Note, P-value is the number of times the “enrichment” is greater or equal to the observed overlap divided by total number of permutations.

*.locusscore – the likelihood of a locus to overlap an annotation under the null. The smaller the value the more likely a locus overlaps an annotation not by chance. Loci not overlapping any annotation are denoted as “N/A”.

locus overlap score
rs11780156 1 0.609
rs4808801 1 0.996
rs10069690 N/A N/A
rs12493607 1 0.888
rs1045485 N/A N/A
rs204247 1 0.678
rs3757318 N/A N/A
rs2943559 N/A N/A
rs11552449 N/A N/A

*.snpscore – defines which LD SNPs are overlapping an annotation in the observed data

locus ld_snp overlap
rs11780156 rs11780156 1
rs11780156 rs1016578 0
rs11780156 rs12542202 0
rs11780156 rs11776569 0
rs11780156 rs7836152 0
rs11780156 rs10956414 0
rs11780156 rs67397162 0
rs11780156 rs11778142 1
rs11780156 rs11997192 0

goshifter.strat.py

Input files:

snpmap – see above annotation-a – mappings of the primary annotation which will be tested for enrichment with the SNP set.
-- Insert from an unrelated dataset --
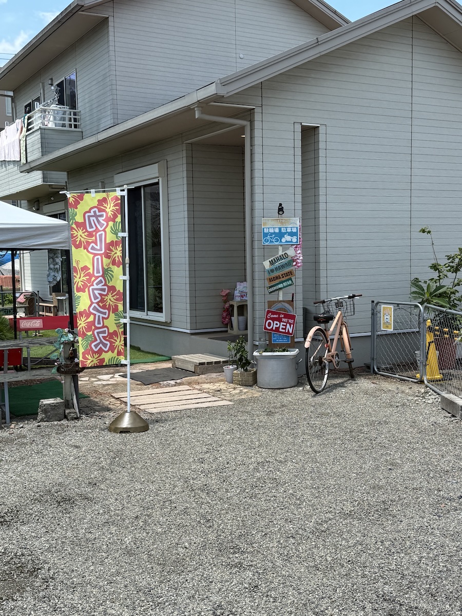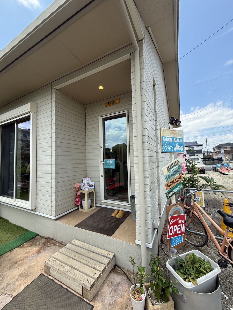 駅から10分ほど歩くと、目の前にカラフルな旗、看板、コースターなどが目に止まるお家を発見。

See above for format details for the annotation input file. annotation-b – mappings of the secondary annotation. Assessment of enrichment for annotation-a will be tested stratifying on this annotation-b. See above for format details for the annotation input file.

Usage:

./goshifter.strat.py --snpmap FILE --annotation-a FILE --annotation-b FILE --permute INT --ld DIR --out FILE [--rsquared NUM --window NUM --min-shift NUM --max-shift NUM --ld-extend NUM --no-ld]
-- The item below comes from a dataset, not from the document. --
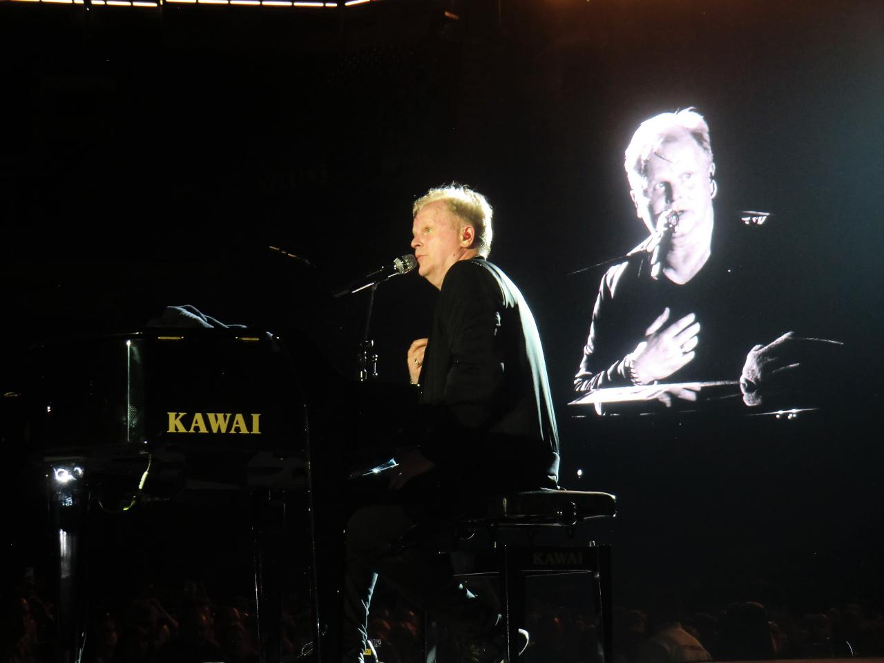 Um etwa 15:10 war ich in Leer, von wo um 15:30 der Bus nach Aurich fahren sollte. Also versuchte ich mein Glück mit einem sehr knapp beschrifteten Tramperschild an einem Kreisverkehr vorm Leerer Bahnhof, das mir aber nicht hold war. So bestieg ich den Bus nach Aurich, der um 16:20 am ZOB ankommen sollte, der weder in der Nähe des Stadions liegt noch am Wochenende per Bus damit verbunden ist und schon gar nicht auserwählt war, um dort wenigstens die gebührenpflichtigen Shuttlebusse starten zu lassen. Zum Glück war der Busfahrer äußerst gut drauf (ein dialektisch sehr ostfriesisch geprägter Mensch, der sein Hemd bis zum Bauchnabel aufgeknöpft trug und sich auch nicht scheute, auf den Landstraßen zwischen den Ortschaften teilweise 2 Autos am Stück kurz vor einer engen Kurve zu überholen), bot mir an, mich 4 Haltestellen weiter mitzunehmen als ich eigentlich durfte, weil sich die Entfernung zum Stadion so von 6,2 auf 3,4 km verkürzte; dort am EEZ (steht für Energie-, Bildungs- und Erlebniszentrum; heißt aber dennoch nur EEZ und nicht EBEZ) angekommen erklärte er mir noch kurz den Fußweg, für den Google Maps 41 Minuten veranschlagt, und an welchem Imbiss man die Straße wechseln muss. So machte ich mich auf den Weg, war gezwungen, links auf einem Fahrradweg zu gehen, da rechts kein begehbarer Weg war (nicht nur das unterscheidet Aurich von Dresden), nahm mein Gepäck in die linke Hand, das Trampschild mit der Schrift nach hinten in die rechte und marschierte schnellen Schritts los, phasenweise sprintete ich, womit ich mich aber um kurz vor 5 noch nicht völlig verausgaben wollte. Auf mein Trampschild gab es eine einzige Reaktion und zwar ein Hupen und Ausdemfensterjohlen; dem FRI-Kennzeichen entnehme ich, dass es wahrscheinlich Lokaldeppen waren und niemand von hier (ich muss kaum dazuschreiben, dass sich meine Erwartung an die allgemeine Konzertgängersolidarität, nach der das auf dem Weg zum Konzert volle Auto mir im erleichterten Zustand zum Einsammeln wieder hätte entgegenkommen sollen, nicht erfüllte). Am besagten Imbiss angekommen wurde mir der weitere Weg erklärt, er war sehr einfach zu finden und ich war statt nach den veranschlagten 41 Minuten schon nach 32 dort; es stand zwar schon ein gewaltiger Pulk vor den Schleusen, aber ich hielt es angesichts des von dort schon sichtbaren Laufstegs für durchaus möglich, wenigstens sicher in der 2. oder 3. Reihe stehen zu können. Doch daraus sollte nichts werden, denn manches, was den Ostfriesen nachgesagt wird, wurde gestern an mancher Stelle nicht grundlegend widerlegt, und so kam es, dass ich es im allgemeinen Gedränge zwischen 2 vollbesetzten Schleusen an eine fast leere schaffte, die wohl nicht wirklich als solche erkannt wurde, der Kontrolleur nahm mir meine Flasche ab (und sah es damit wohl als erwiesen an, dass er mich sämtlicher Getränke entledigt hatte...aber der triviale Hosen- und Jackentaschentrick funktioniert fast überall) und dann rannte ich und rannte und rannte, musste mir meinen gelben Hut aus Mainz festhalten, kein Ordner stand im Weg rum und die meisten anderen Besucher schlenderten gemütlich vor sich hin, ich meine auch mich nicht verhört zu haben, dass es bezüglich meines Rennens mindestens einen Kommentar gab, der irgendwo zwischen einem Anfeuern und einer angewiderten verächtlichen Äußerung lag. Wider Erwarten war die Ecke vorne rechts am Laufsteg noch unbesetzt, zu meinem Glück standen dort 2 langhaarige junge Männer, die ihren T-Shirts nach eigentlich andere Musikveranstaltungen besuchen, die mir den Platz für den Klogang freihielten und sich selbst nicht in die 1. Reihe begaben, obwohl noch Platz gewesen wäre (die auch später aus vollen Lungen Jeder für jeden mitsangen, das ich, wie ich gestehen muss, noch nicht verinnerlicht habe). Und auch anders als sonst standen vorne vorm Steg 2 nette Ordner, die beiweitem nicht solche Arschlöcher waren wie schon oft erlebt, sie plauderten mit den Zuschauern (der kleine gemütliche mit den aufwendigen Ohrpiercings, der Glatze und dem Rauschebart erzählte, dass er vor kurzem auf einem PUR-Konzert Dienst hatte und seine einzige Aufgabe darin bestand, ebenfalls am Stegende zu stehen, aber nicht, um Hartmut Engler vorm Publikum zu schützen, sondern davor, von der Bühne zu fallen, was beim Konzert davor der Fall gewesen war; der riesige (sowohl in Höhe als auch in Breite bemessen riesig) Ordner antwortete auf die Frage, wie viele Leute ins Stadion passen, mit viele, und schmetterte den Wunsch nach einer Präzisierung damit ab, dass er Ostfriese ist und eins, zwei, viele zählt, bei drei ist leider schon Schluss), versorgten bei Bedarf mit Ohrstöpseln und Gummihandschuhen und wurden im Verlauf des Abends mit Crackern und Weingummi gefüttert. Zu Knackeboul (der in Gelsenkirchen als [knäckebühl] und in Aurich als [knäckebowl] angekündigt wurde), den ich verglichen mit dem, was einem sonst als Vorband vorgesetzt wird, spitzenmäßig finde, möchte ich kurz erwähnen, dass er es als wesentlichen letzten Punkt seines Auftritts sah, den Regen zu beenden, wozu er spontan ein Lied mit dem Namen "Regen, Du musst jetzt gehn" kreiert hatte. Als es kaum ausgeklungen war, hielt er die Hand unter den freien Himmel und fragte irritiert: "Wie, es hat wirklich aufgehört zu regnen? Wollt Ihr mich verarschen?!" Und es hat, soweit ich es mitbekam, bis morgens um halb 6 in Aurich keinen einzigen Tropfen mehr geregnet! Im Laufe des Hauptblocks fiel mir ein, dass meine Position dazu führen könnte, dass ich bei Alkohol mitdingen darf, er kam bei besagtem Lied auch an mir vorbei und stellte sich einen Meter weiter auf die Erhöhung, eine Frau in der 1. Reihe nutzte spontan die Gelegenheit, ihm deutlich länger als einen flüchtigen Augenblick an den Bauch zu fassen. So sehr den Norddeutschen im Allgemeinen und den Ostfriesen im Speziellen auch nachgesagt werden mag, sie seien etwas gehemmt in mancher Hinsicht und so wenig diese Grabscherei dazu passt, so

If you make use of LD files precalculated by ProxyFinder, replace --ld 1kG-beaglerelease3/pairwise_ld/ with --proxies /path/to/proxyfinderoutput.txt

Options

Same options as goshifter.py, with the exception:

-a, --annotation-a	FILE	File with primary annotations, bed format. Gzipped. No header.
-b, --annotation-b	FILE	File with annotation to stratify on, bed format. Gzipped. No header.

Example usage

./goshifter.strat.py --snpmap test_data/bc.snpmappings.hg19.txt --annotation-a test_data/UCSFUBC. Breast_vHMEC.bed.gz --annotation-b test_data/UCSFUBC.Breast_Myoepithelial_Cells.bed.gz --permute 1000 --ld 1kG-beaglerelease3/pairwise_ld/ --out test_data/bc.H3K4me1_vHMEC_strat_Myoepithelial_Cells

This will output a message on the screen (and print the P-value corresponding to the significance of an overlap) and write results to *.enrich (see above for explanation of the format).